Author: Nikolai Khabarov, Embedded Expert DataArt, Evangelist for Smart Home Technologies.The test results presented in the
article on comparing the performance of the Raspberry Pi3 and DragonBoard boards when working with applications in Python raised doubts among some colleagues.
In particular, the following comments appeared under the material:
')
“... I did benchmarks between 32-bit ARMs, between 64-bit and between Intel x86_64 and all the numbers were comparable. at least between 32 bit and 64 bit ARMs, the difference was tens of percent, and not many times. well, or are you just different purely --cpu-max-prime indicated "."Amazing results usually mean an experimental error."“There is a suspicion that there is some kind of error in the CPU test. I personally tested different ARMs with sysbench, but there wasn’t a close 25 times difference. In principle, good ARM media in the CPU test can be several times more efficient than the BCM2837, but not as much as 25 times. I suspect that the test for pi was made in one thread, and for DragonBoard in 4 threads (4 cores). ”This is the
cpu test from the sysbench test suite. The answer to these assumptions was so voluminous that I decided to publish it in a separate post, at the same time explaining why in some tasks the difference can be so enormous.
To begin with, the commands with all the arguments for the test were listed in the table of the original article. Of course, there is no argument for --cpu-max-prime or other arguments forcing you to use multiple processor cores. In terms of the 10-20% difference, perhaps, there was a test of the overall system performance, which on real applications (not always, of course, but most likely) just shows 10-20% of the difference between 32-bit and 64 -bit modes of the same processor.
In principle, it is possible to read how mathematical operations are implemented with a bit depth of a higher word width, for example,
here . It makes no sense to rewrite algorithms. Say, multiplication will take about 4 times more CPU cycles (three multiplications + addition operations). Naturally, this value may vary from processor to processor and depending on compiler optimization.
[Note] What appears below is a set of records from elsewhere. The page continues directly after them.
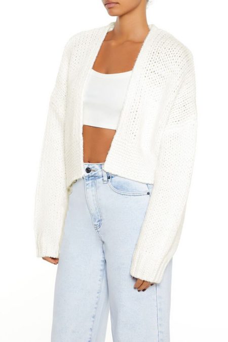 Details A chunky knit cardigan sweater featuring an open front, dropped shoulders, and long sleeves. Content + Care – 100% acrylic – Hand wash cold Size + Fit – Model is 5’9″ and wearing a Small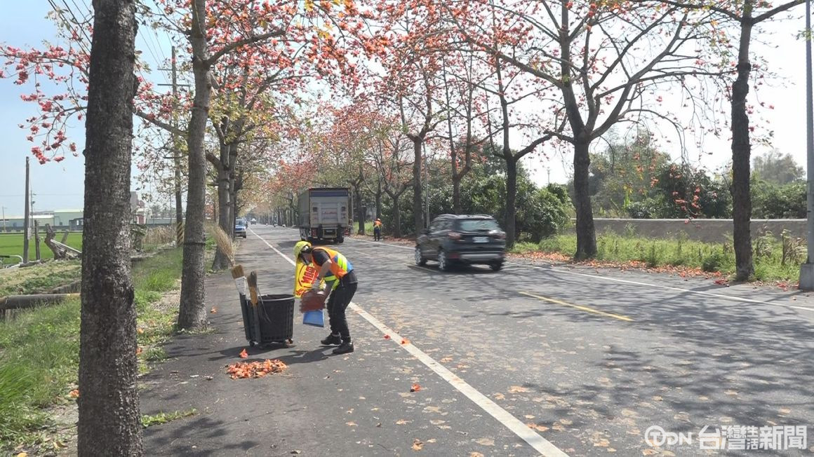 ▲大量落下的木棉花朵佔滿車道,清潔隊人員將花朵掃起,避免騎車民眾經過滑倒/記者 蕭建緯攝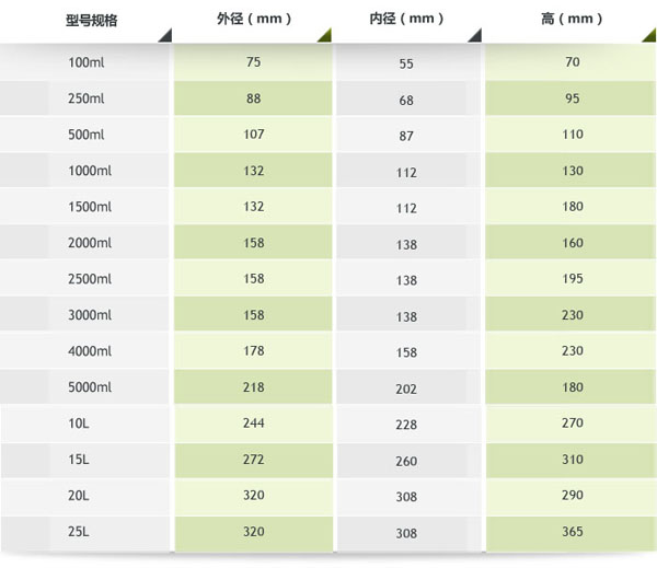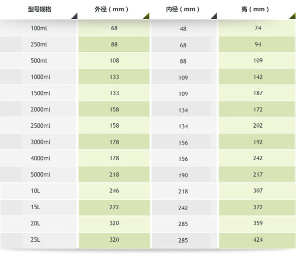 500ml 1L 1.5L 2L 3L 4L 5L 8L 10L |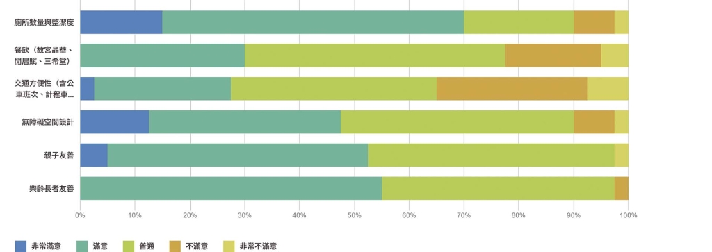 另在「館內設施」方面(圖5),除對故宮「交通方便性」有約35%作答人認為仍有改善空間,其他議題勾選普通至滿意以上人數高於75%。故宮現有連外交通工具以公車與計程車為主,近年臺北市政府都市發展局推動的捷運環狀線北環段上,新設計了可由士林站轉乘至Y28故宮博物院站的交通動線,故宮現也正與臺北市都發局研擬可直達圖書文獻大樓前廣場的出入口,期待未來故宮的交通方便性能有更便捷與多元的選項(註3)。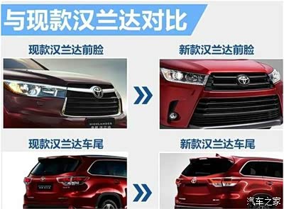 丰田新汉兰达在外观方面有所调整,新车前进气格栅与保险杠进行修改尤为醒目,使整车看起来更为硬朗。前大灯组造型流畅,内部增加了LED日间行车灯。车尾部分,新车采用了全新LED光带式尾灯使新车看起来更加时尚,同时车顶全新的小尺寸扰流板使新车看起来更加运动。

For example, for an ordinary x86 processor there may be no difference, since with the advent of the MMX instruction set, it became possible to use 64-bit registers and 64-bit calculations on 32-bit processor. And with the advent of SSE, 128-bit registers appeared. If the program is compiled using such instructions, then it can be performed even faster than 32-bit calculations, a difference of 10-20% or even more can be observed in the other direction, since the same MMX instruction set can perform several operations at the same time.
But it’s still a synthetic test that explicitly uses 64-bit numbers (source codes are available
here ), and since the package is taken from the official repository, it’s not a fact that all the possible optimizations were included when building the package (all because of compatibility with other ARM processors). For example, ARM processors since v6 support SIMD, which, like MMX / SSE on x86, can work with 64-bit and 128-bit arithmetic. We did not set out to squeeze as many “parrots” out of the tests as possible, we are interested in the real state of affairs when installing applications out of the box, since we don’t want to reinstall half of the operating system.
Still do not believe that even "out of the box" speed on the same processor can not differ tenfold depending on the processor mode?
Well, let's take the same DragonBoard.
sysbench --test=cpu run
This time with screenshots:

12.4910 seconds. Ok, now on the same board:
sudo dpkg --add-architecture armhf sudo apt update sudo apt install sysbench:armhf
With these teams, we installed the 32-bit version of the sysbench package on the same DragonBoard board.
And again:
sysbench --test=cpu run
And here is a screenshot of it (apt install output is visible at the top):

156.4920 seconds. The difference is more than 10 times. Since we are talking about such cases, let's see in more detail why. Let's write just such a simple program in C:
#include <stdint.h> #include <stdio.h> int main(int argc, char **argv) { volatile uint64_t a = 0x123; volatile uint64_t b = 0x456; volatile uint64_t c = a * b; printf("%lu\n", c); return 0; }
We use the volatile keyword so that the compiler does not count everything in advance, namely, it would assign variables and honestly multiply two arbitrary 64-bit numbers. Let's build a program for both architectures:
arm-linux-gnueabihf-gcc -O2 -g main.c -o main-armhf aarch64-linux-gnu-gcc -O2 -g main.c -o main-arm64
And now let's look at the arm64 disassembler:
$ aarch64-linux-gnu-objdump -d main-arm64

The instruction mul is quite predictably used. And now for armhf:
$ arm-linux-gnueabihf-objdump -d main-armhf

As you can see, the compiler has applied one of the methods of long arithmetic. And as a result, we are witnessing a whole footwoman that uses quite heavyweight instructions like mul, mla, umull. Hence the multiple performance differences.
Yes, you can still try to compile, including some set of instructions, but then we may lose compatibility with some processor. Again, again, we were interested in the real speed of the entire board with real binary packages. We hope this rationale, why such a difference was obtained on a particular
cpu test, is enough. And you will not be confused by such gaps in some tests and, possibly, some application programs.